WORK TO BE COMPLETED – The following data has a line with "하코다테역에서 가장 처음" and a line with "Legende: Ölsäure |". Write out exactly those lines and all the lines between them.

PROVIDED DATA –

━━━━━━━━━━━━━━━━━━━━━━━━━━━━━━

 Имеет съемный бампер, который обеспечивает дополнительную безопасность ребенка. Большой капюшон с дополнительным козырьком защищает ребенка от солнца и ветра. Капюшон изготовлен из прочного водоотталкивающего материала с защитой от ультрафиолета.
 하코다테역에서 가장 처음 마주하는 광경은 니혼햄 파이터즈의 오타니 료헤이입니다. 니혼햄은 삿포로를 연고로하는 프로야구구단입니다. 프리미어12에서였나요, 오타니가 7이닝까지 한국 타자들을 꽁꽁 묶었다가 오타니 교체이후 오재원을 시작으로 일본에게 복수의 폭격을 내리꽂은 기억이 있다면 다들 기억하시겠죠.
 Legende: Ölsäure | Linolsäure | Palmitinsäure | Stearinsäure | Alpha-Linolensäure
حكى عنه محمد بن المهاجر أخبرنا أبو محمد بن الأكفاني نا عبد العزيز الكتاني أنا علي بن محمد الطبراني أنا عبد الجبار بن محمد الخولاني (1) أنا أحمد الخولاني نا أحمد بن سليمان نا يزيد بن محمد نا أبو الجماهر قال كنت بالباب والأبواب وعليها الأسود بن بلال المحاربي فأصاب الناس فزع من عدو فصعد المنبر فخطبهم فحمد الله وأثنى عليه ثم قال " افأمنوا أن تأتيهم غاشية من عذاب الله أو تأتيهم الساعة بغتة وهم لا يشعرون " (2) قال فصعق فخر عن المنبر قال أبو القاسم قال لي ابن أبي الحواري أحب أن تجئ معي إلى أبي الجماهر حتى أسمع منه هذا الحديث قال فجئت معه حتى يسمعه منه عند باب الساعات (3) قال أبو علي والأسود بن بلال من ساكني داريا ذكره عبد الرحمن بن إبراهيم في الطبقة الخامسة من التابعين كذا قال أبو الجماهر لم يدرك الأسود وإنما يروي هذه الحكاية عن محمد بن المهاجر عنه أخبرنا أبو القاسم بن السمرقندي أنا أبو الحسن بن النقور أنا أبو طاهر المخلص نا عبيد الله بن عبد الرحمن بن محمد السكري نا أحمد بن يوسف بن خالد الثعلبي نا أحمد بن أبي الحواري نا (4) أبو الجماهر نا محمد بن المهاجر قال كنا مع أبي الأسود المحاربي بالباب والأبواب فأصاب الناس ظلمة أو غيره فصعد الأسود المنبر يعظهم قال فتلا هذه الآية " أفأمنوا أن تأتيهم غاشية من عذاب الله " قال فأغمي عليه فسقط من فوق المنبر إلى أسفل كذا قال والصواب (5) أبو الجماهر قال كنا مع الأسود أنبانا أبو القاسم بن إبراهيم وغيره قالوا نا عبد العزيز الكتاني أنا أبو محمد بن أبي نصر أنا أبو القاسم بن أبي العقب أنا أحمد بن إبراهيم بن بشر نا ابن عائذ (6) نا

━━━━━━━━━━━━━━━━━━━━━━━━━━━━━━

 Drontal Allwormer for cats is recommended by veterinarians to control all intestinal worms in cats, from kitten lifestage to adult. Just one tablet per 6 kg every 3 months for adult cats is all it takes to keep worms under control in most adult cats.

━━━━━━━━━━━━━━━━━━━━━━━━━━━━━━

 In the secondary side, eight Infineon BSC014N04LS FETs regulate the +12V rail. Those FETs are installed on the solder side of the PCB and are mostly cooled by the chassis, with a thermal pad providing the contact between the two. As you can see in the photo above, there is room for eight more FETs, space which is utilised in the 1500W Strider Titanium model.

━━━━━━━━━━━━━━━━━━━━━━━━━━━━━━

EXERCISE RESULT –
 하코다테역에서 가장 처음 마주하는 광경은 니혼햄 파이터즈의 오타니 료헤이입니다. 니혼햄은 삿포로를 연고로하는 프로야구구단입니다. 프리미어12에서였나요, 오타니가 7이닝까지 한국 타자들을 꽁꽁 묶었다가 오타니 교체이후 오재원을 시작으로 일본에게 복수의 폭격을 내리꽂은 기억이 있다면 다들 기억하시겠죠.
 Legende: Ölsäure | Linolsäure | Palmitinsäure | Stearinsäure | Alpha-Linolensäure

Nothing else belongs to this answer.